Taipei--Taiwan's consumer prices in April were up slightly from a year earlier, with a decline in vegetable and egg prices offset by higher prices for other food items as well as fuel and transportation, the government said on Friday.
Citing data, the Directorate-General of Budget, Accounting and Statistics (DGBAS) said the consumer price index (CPI) for April rose 0.12 percent from a year earlier.
Month-on-month, the CPI rose 0.27 percent in nominal terms but fell 0.02 percent on a seasonally adjusted basis, the DGBAS said.
In April, food prices fell 2.38 percent from a year earlier largely because vegetable and egg prices fell 34.54 percent and 8.20 percent, respectively, while the prices of fish, dairy products and meat rose 5.06 percent, 3.28 percent and 2.19 percent.
Transportation costs and fuel prices rose 15.88 percent and 12.24 percent, respectively, year-on-year in April to push Taiwan's CPI higher for the month, but mobile phone and internet communications charges fell 2.28 percent and 1.16 percent, respectively, the DGBAS said.
Dining-out costs rose 1.97 percent in April from a year earlier, the biggest increase in 23 months.
Mei Chia-yuan (???), the deputy director of the DGBAS's statistics department, said the increase partly reflected newly imposed five-day workweek rules, which have pushed up labor costs because of higher overtime pay and the need to give workers more time off.
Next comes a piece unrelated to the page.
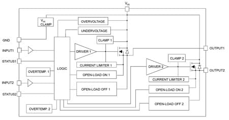 The device detects the open-load condition in both the on-state and off-state. In the off-state the device detects if the output is shorted to VCC. The device automatically turns off in the case where the ground pin becomes disconnected.

The cost of a basket of 17 government-monitored household necessities, including rice, pork, bread, eggs, sugar, cooking oil, shampoo and toilet paper, rose 1.69 from a year earlier in April following a 1.11 percent rise seen in March, according to the DGBAS.
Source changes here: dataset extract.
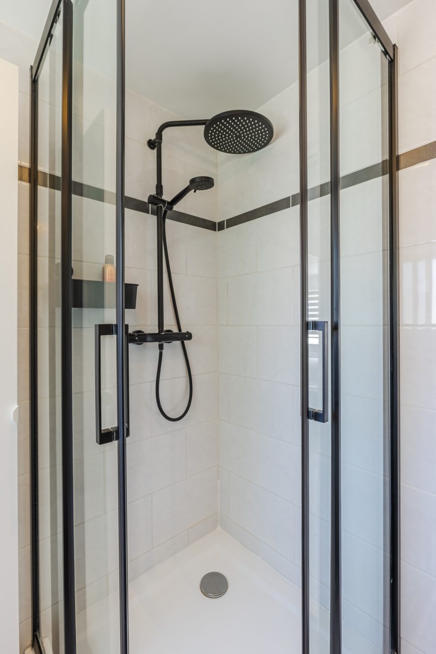 The spacious bathroom (2016) is beautifully finished in a combination of light and dark tiles. This room is equipped with a floating toilet, vanity unit with sink and shower cabin with rain shower.

The core CPI, which excludes vegetables, fruits and energy, rose 1.01 percent from a year earlier.
Taiwan's wholesale price index (WPI) moved higher in April for the fifth consecutive month, rising 1.12 percent from a year earlier because of higher metal, crude oil and coal prices, the DGBAS said.
The pace of growth in April was lower, however, than in previous months, which should keep a lid on upward pricing pressure at the retail sector, the DGBAS said.
In the first three months of this year, the WPI grew between 1.74 percent and 2.75 percent.
On a month-on-month basis, the April WPI fell 0.83 percent, according to the DGBAS.
In the first four months of the year, Taiwan's CPI growth averaged 0.61 percent with the core CPI at 0.94 percent, while the WPI rose 2.02 percent, the DGBAS said.